## Exercise instructions
Data follows below. Repeat exactly the lines between the line holding "Ptyxis ist definitiv" and the line holding "这次,邦纳公司不仅为老师带去", inclusive, and nothing more; drop pictures.

## Data for review
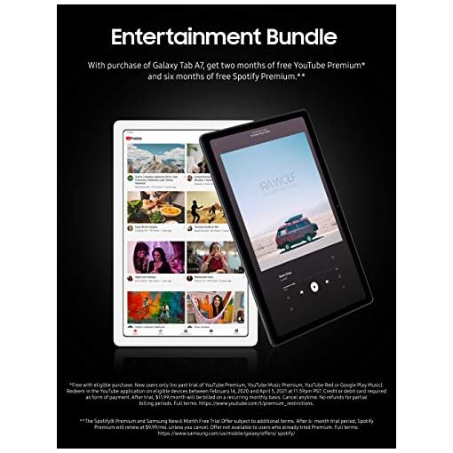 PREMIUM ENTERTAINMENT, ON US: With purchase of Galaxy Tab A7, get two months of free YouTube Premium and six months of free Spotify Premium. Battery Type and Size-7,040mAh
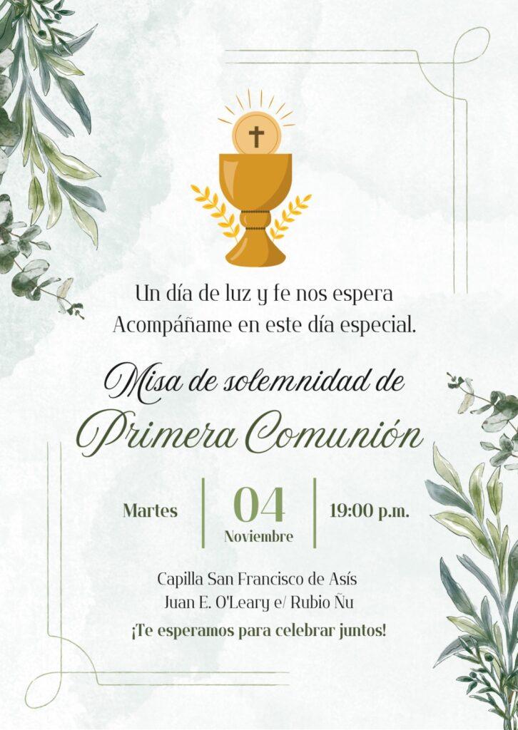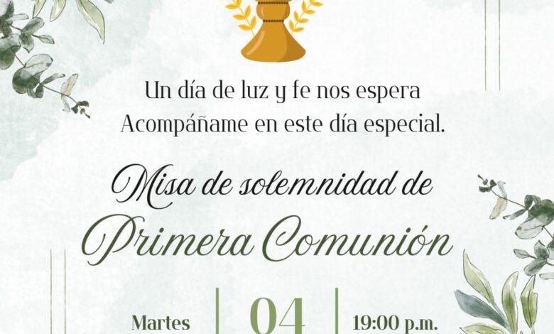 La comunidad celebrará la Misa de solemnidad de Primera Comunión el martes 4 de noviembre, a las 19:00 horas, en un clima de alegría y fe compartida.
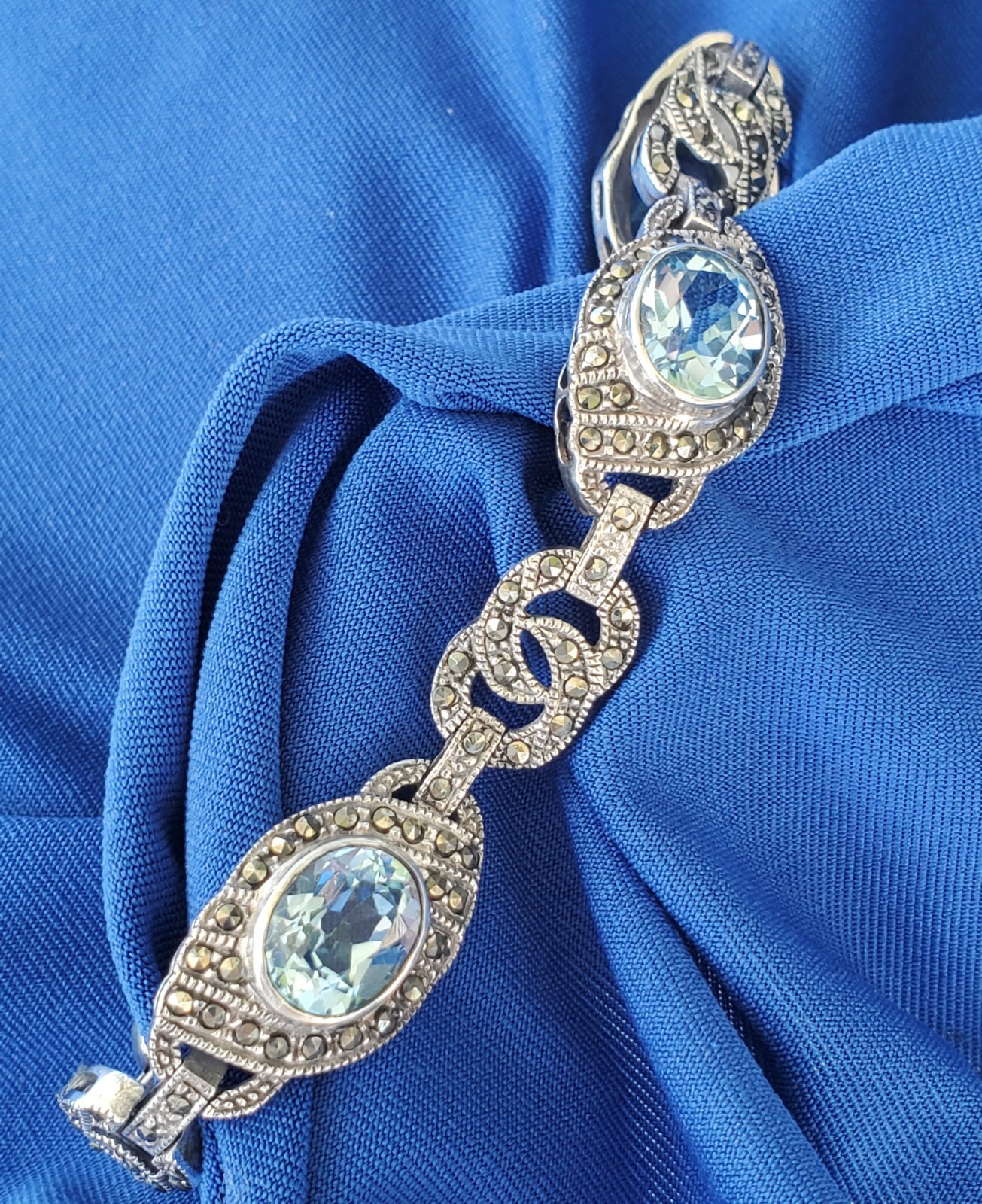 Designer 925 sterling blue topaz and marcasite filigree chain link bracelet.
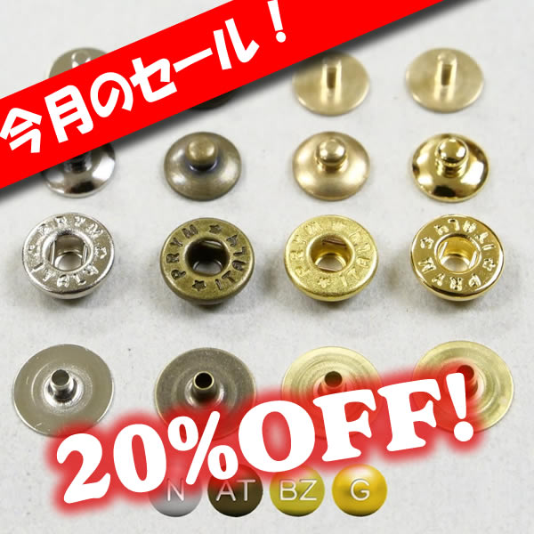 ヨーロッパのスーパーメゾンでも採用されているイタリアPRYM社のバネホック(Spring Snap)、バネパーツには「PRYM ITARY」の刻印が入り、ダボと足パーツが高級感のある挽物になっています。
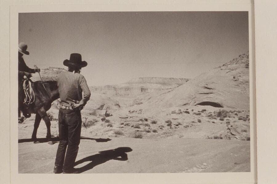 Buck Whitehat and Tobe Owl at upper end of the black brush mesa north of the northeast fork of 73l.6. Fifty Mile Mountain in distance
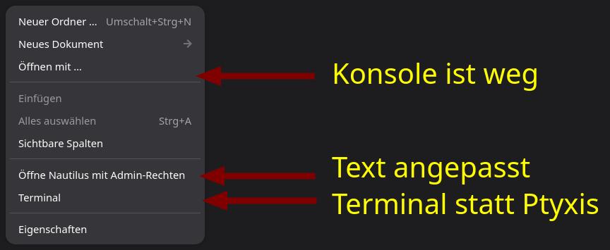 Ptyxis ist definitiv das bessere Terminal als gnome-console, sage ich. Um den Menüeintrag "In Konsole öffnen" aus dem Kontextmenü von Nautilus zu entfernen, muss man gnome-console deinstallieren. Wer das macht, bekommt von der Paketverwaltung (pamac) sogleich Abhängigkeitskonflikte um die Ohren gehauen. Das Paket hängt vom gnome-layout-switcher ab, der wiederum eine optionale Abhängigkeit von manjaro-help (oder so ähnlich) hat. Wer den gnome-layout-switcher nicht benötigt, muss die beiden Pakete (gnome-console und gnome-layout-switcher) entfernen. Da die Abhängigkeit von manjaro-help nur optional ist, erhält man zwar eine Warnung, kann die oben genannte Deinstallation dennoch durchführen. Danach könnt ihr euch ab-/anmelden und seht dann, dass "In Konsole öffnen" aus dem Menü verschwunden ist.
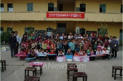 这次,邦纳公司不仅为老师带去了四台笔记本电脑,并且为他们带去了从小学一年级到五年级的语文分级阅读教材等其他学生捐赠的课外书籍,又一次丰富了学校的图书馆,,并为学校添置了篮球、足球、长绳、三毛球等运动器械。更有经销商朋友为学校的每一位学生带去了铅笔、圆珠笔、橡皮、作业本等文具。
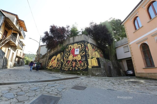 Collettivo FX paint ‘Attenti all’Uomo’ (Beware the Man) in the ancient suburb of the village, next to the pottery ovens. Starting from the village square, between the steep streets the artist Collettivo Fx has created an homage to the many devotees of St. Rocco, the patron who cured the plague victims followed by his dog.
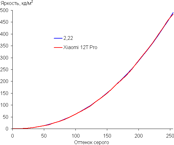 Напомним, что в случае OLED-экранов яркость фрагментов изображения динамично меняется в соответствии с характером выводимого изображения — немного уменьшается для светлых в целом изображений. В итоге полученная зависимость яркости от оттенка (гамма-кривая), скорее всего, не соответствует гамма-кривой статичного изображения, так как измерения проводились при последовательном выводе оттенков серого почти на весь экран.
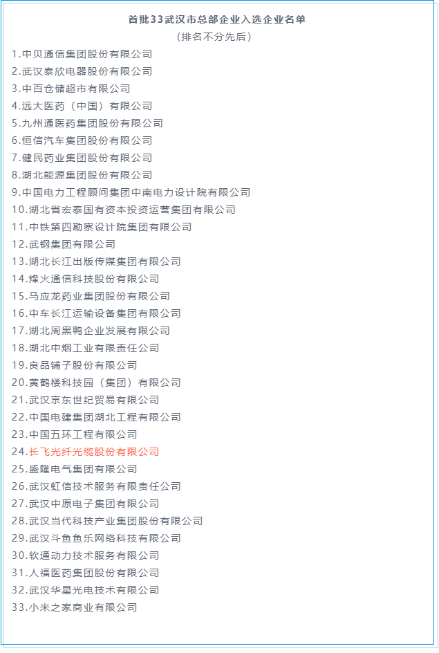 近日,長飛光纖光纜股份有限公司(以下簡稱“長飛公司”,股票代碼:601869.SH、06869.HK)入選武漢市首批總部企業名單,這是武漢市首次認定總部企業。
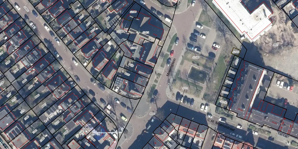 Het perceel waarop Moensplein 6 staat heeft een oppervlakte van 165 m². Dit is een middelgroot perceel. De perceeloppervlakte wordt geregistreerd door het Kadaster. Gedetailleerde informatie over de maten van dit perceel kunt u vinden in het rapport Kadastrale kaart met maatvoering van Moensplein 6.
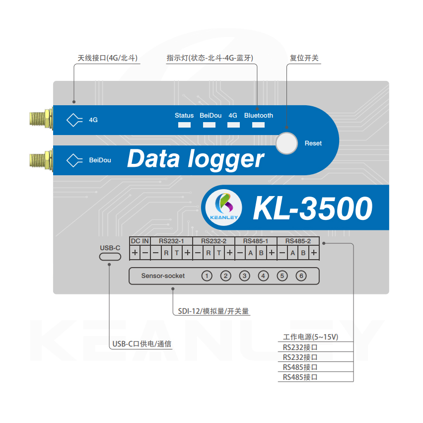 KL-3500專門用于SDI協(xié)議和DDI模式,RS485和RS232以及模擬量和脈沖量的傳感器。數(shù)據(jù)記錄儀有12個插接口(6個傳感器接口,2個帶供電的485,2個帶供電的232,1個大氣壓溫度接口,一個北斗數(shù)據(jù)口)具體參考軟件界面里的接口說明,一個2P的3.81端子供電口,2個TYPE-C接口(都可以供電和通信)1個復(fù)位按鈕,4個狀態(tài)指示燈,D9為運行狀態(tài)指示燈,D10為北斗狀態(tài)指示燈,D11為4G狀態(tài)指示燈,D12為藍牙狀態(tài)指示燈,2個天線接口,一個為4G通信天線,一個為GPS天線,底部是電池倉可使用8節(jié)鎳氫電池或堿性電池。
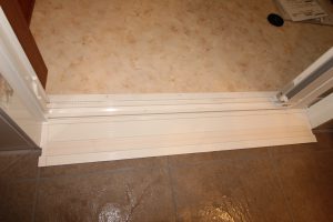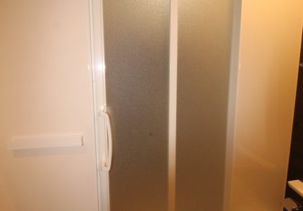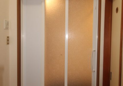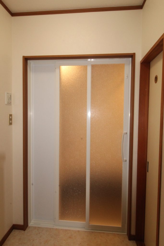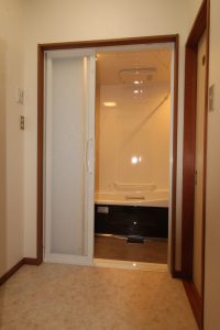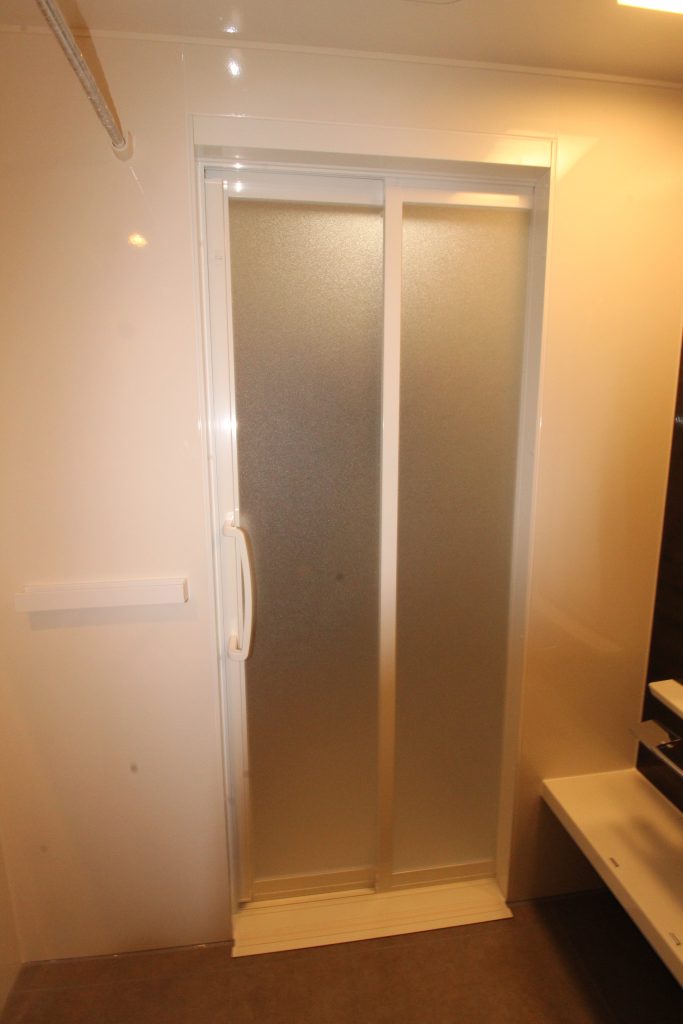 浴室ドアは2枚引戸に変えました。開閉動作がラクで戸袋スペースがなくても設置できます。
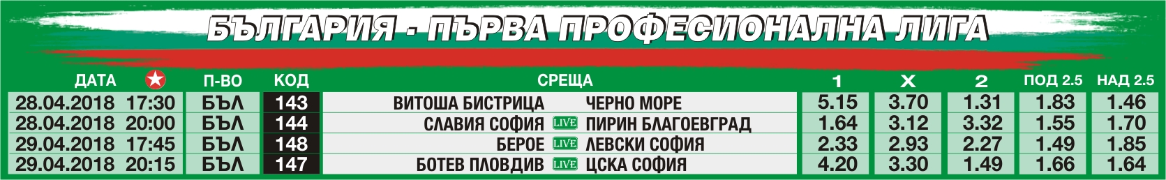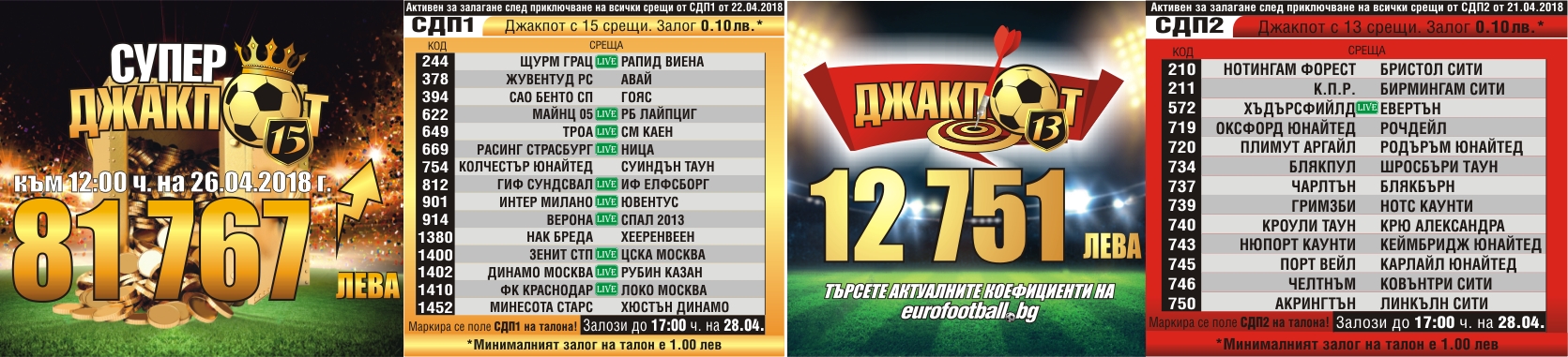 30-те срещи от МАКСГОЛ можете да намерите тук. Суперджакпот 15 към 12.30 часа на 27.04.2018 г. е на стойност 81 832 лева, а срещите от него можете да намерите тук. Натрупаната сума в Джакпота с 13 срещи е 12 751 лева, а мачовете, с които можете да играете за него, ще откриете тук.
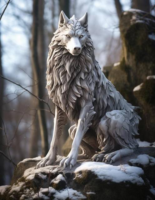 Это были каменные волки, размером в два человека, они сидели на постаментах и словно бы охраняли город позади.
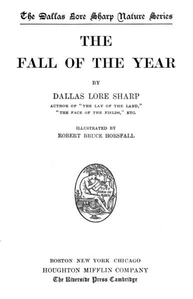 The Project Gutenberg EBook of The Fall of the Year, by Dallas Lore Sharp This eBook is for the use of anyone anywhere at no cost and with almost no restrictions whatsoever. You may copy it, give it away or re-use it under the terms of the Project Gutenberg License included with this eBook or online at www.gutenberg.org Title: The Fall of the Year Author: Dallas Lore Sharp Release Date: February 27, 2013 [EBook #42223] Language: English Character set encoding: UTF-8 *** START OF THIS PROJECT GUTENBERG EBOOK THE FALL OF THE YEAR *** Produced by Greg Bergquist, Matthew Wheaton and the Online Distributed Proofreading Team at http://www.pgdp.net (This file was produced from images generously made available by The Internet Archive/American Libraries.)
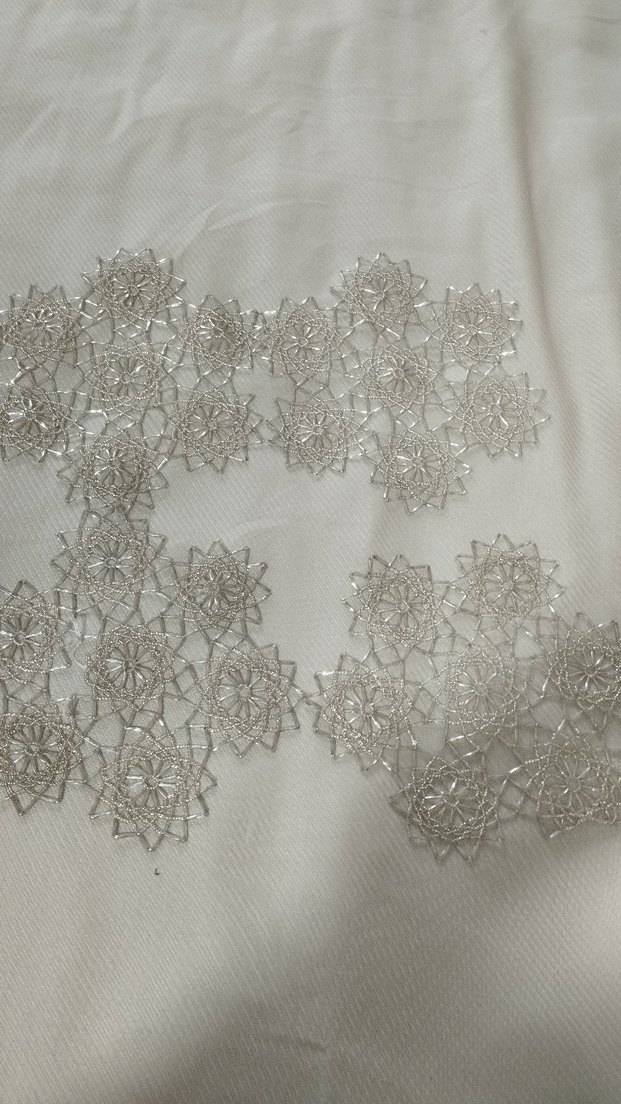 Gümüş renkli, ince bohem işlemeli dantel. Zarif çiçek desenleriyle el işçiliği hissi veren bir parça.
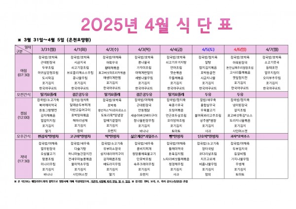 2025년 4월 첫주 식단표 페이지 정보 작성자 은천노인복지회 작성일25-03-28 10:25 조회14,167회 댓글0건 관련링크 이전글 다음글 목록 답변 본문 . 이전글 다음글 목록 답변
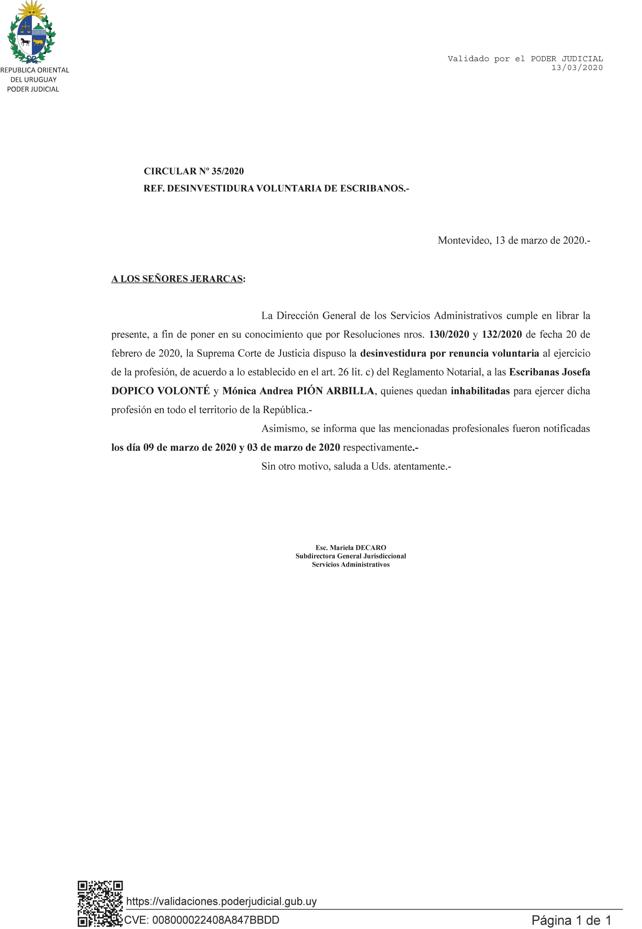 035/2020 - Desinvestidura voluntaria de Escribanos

## Reply
 Ptyxis ist definitiv das bessere Terminal als gnome-console, sage ich. Um den Menüeintrag "In Konsole öffnen" aus dem Kontextmenü von Nautilus zu entfernen, muss man gnome-console deinstallieren. Wer das macht, bekommt von der Paketverwaltung (pamac) sogleich Abhängigkeitskonflikte um die Ohren gehauen. Das Paket hängt vom gnome-layout-switcher ab, der wiederum eine optionale Abhängigkeit von manjaro-help (oder so ähnlich) hat. Wer den gnome-layout-switcher nicht benötigt, muss die beiden Pakete (gnome-console und gnome-layout-switcher) entfernen. Da die Abhängigkeit von manjaro-help nur optional ist, erhält man zwar eine Warnung, kann die oben genannte Deinstallation dennoch durchführen. Danach könnt ihr euch ab-/anmelden und seht dann, dass "In Konsole öffnen" aus dem Menü verschwunden ist.
 这次,邦纳公司不仅为老师带去了四台笔记本电脑,并且为他们带去了从小学一年级到五年级的语文分级阅读教材等其他学生捐赠的课外书籍,又一次丰富了学校的图书馆,,并为学校添置了篮球、足球、长绳、三毛球等运动器械。更有经销商朋友为学校的每一位学生带去了铅笔、圆珠笔、橡皮、作业本等文具。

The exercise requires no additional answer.